• INFORMATION SHOWN
┄┄┄┄┄┄

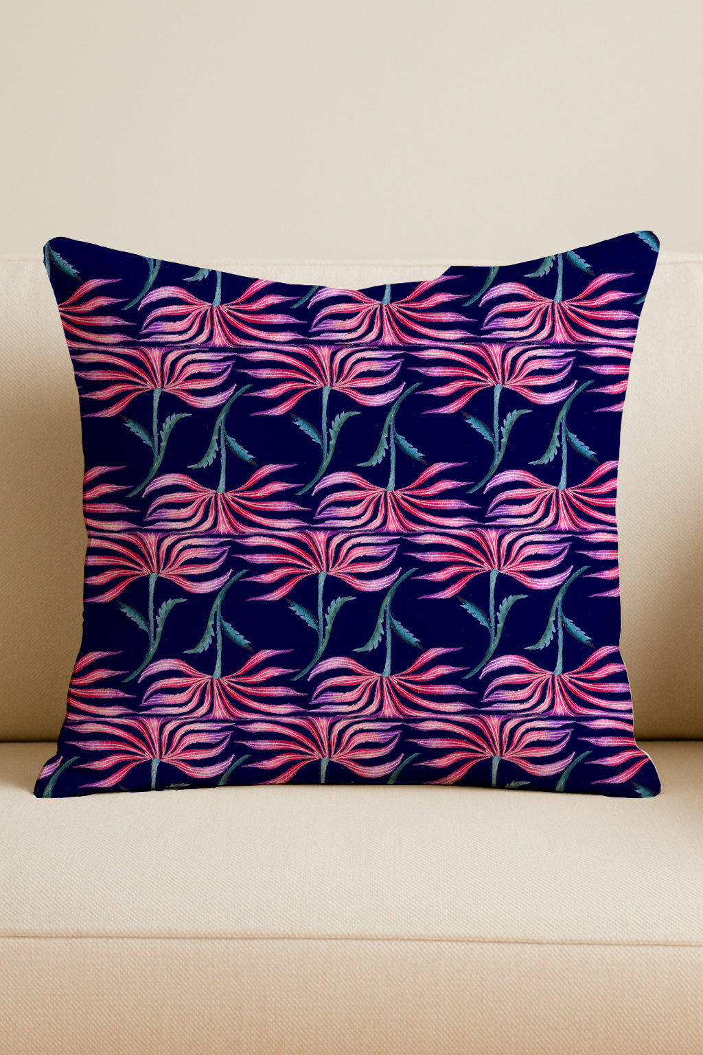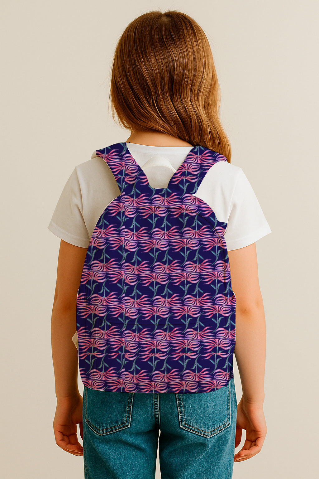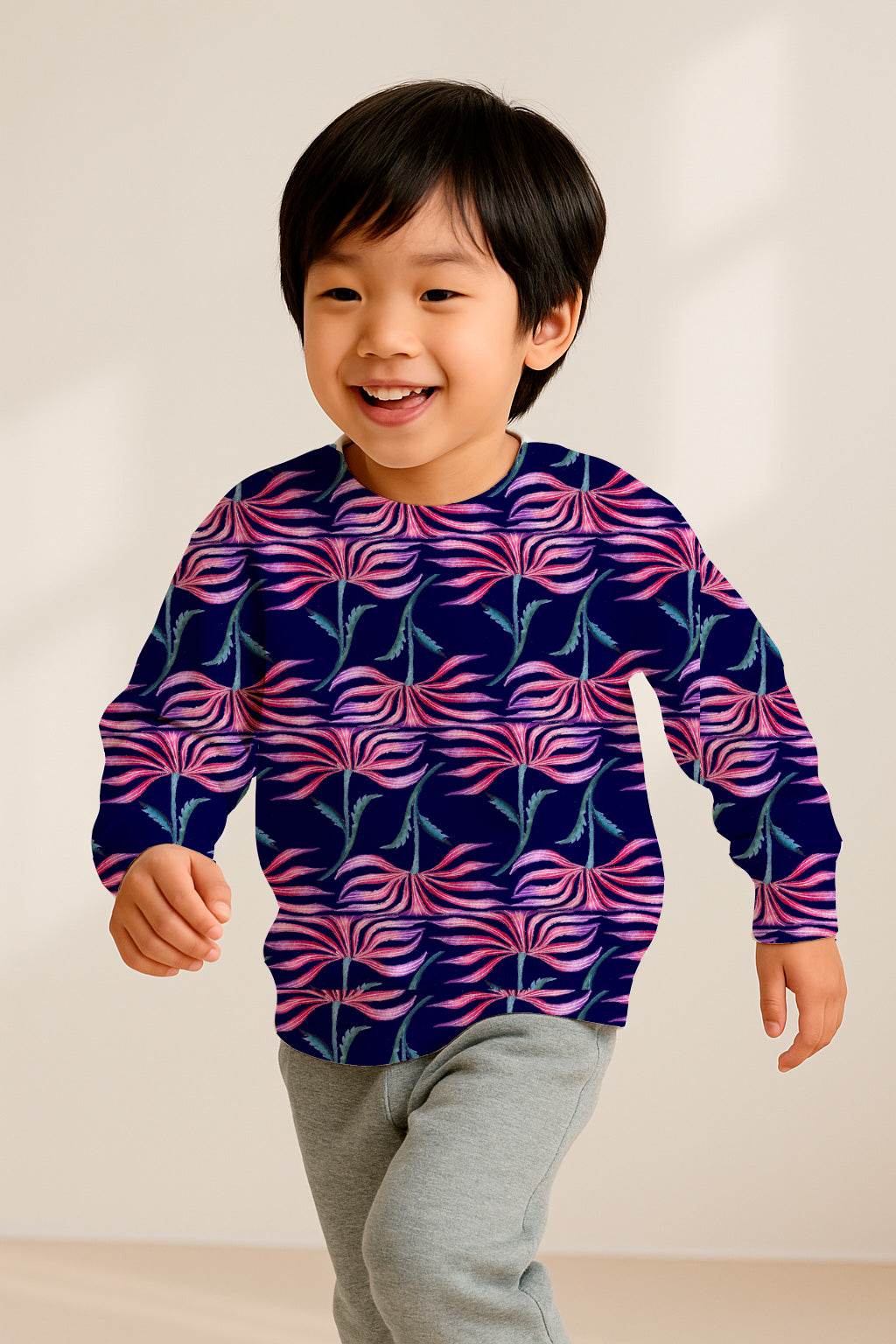 Orquídeas estilizadas rojas y rosas con largos pétalos ondulados sobre fondo oscuro. Una composición floral rítmica de elegante simetría.
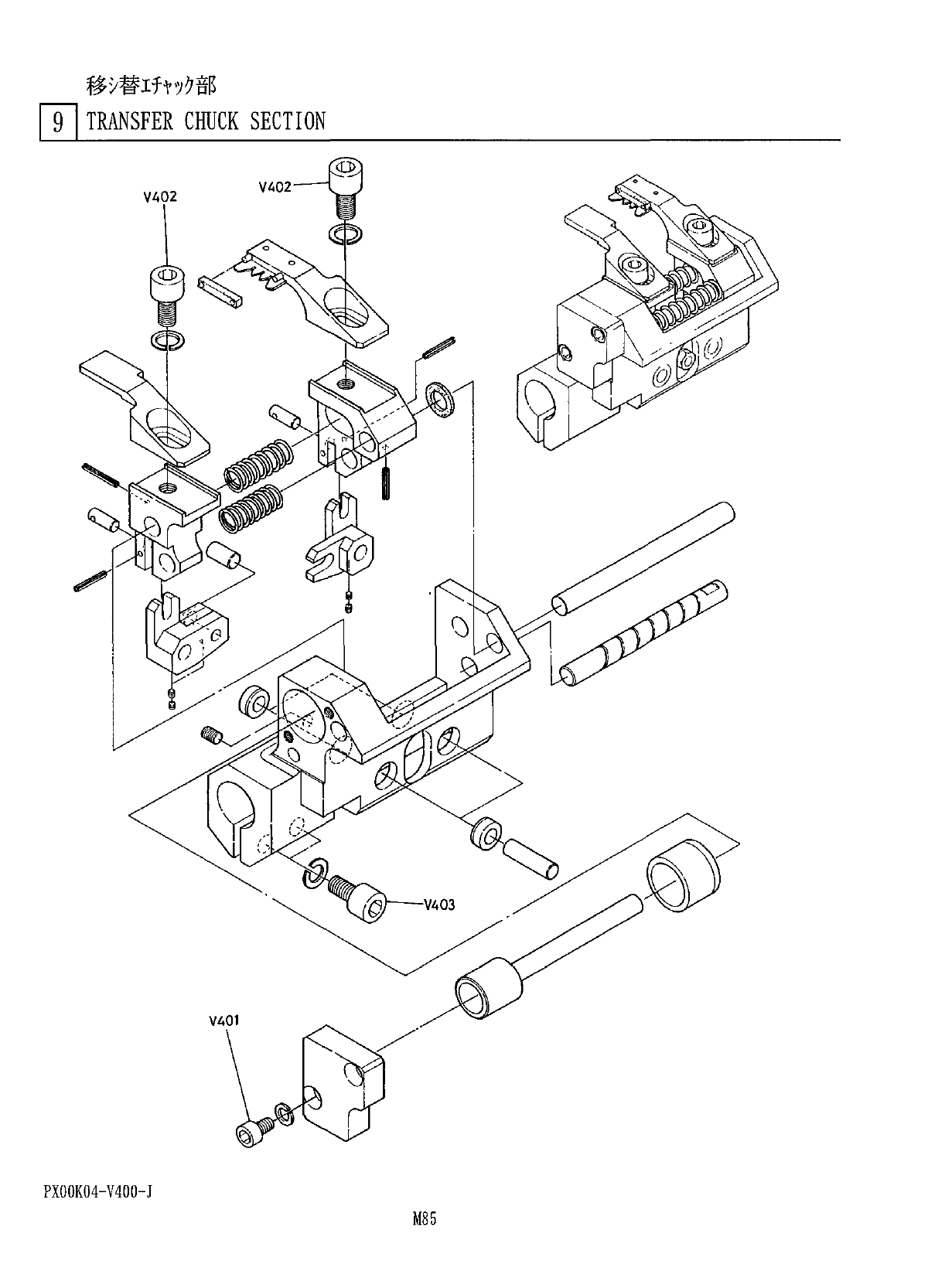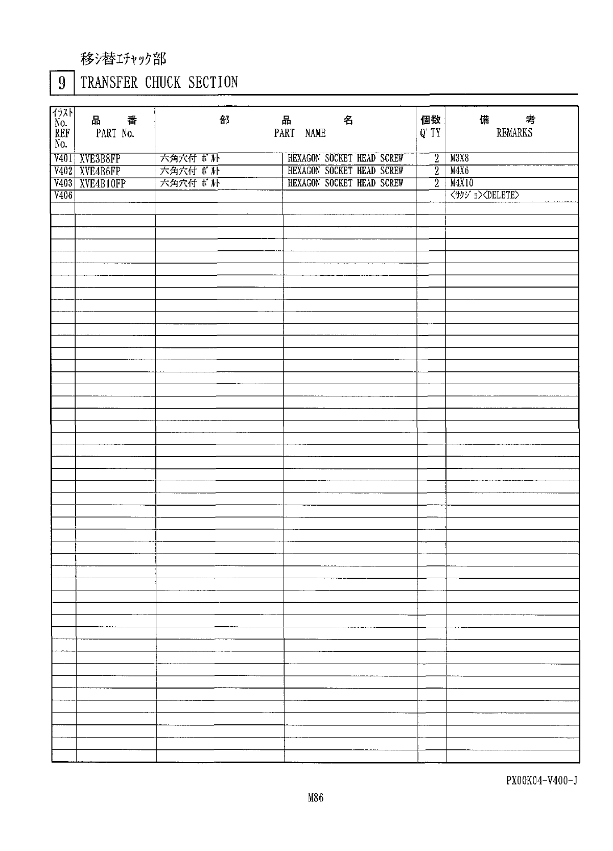 移 > 替 工 夕 部 9 l TRANSFER CHUCK SECTION 個 数 考 部 備 名 品 番 品 No . Q ' TY REMARKS m PART No . PART NAME No . V 40 I 六角穴付 HEXAGON SOCKET HEAD SCREW 1 M 3 X 8 XVE 3 B 8 FP 六 角 穴 付 扩 針 HEXAGON " SOCKET HEAD SCREW 2 …
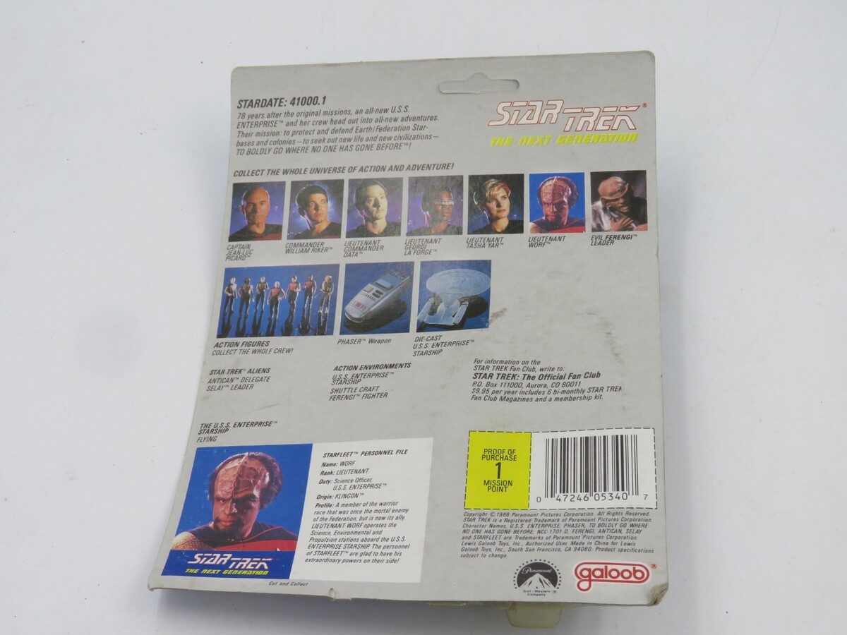 - Star Trek TNG Lieutenant Worf Brand NEW Sealed Action Figure Galoob 1988

┄┄┄┄┄┄

• AIM OF THE TASK
Transcribe all of the material exactly and leave out its pictures.

• EXERCISE ANSWER
 Orquídeas estilizadas rojas y rosas con largos pétalos ondulados sobre fondo oscuro. Una composición floral rítmica de elegante simetría.
 移 > 替 工 夕 部 9 l TRANSFER CHUCK SECTION 個 数 考 部 備 名 品 番 品 No . Q ' TY REMARKS m PART No . PART NAME No . V 40 I 六角穴付 HEXAGON SOCKET HEAD SCREW 1 M 3 X 8 XVE 3 B 8 FP 六 角 穴 付 扩 針 HEXAGON " SOCKET HEAD SCREW 2 …
 - Star Trek TNG Lieutenant Worf Brand NEW Sealed Action Figure Galoob 1988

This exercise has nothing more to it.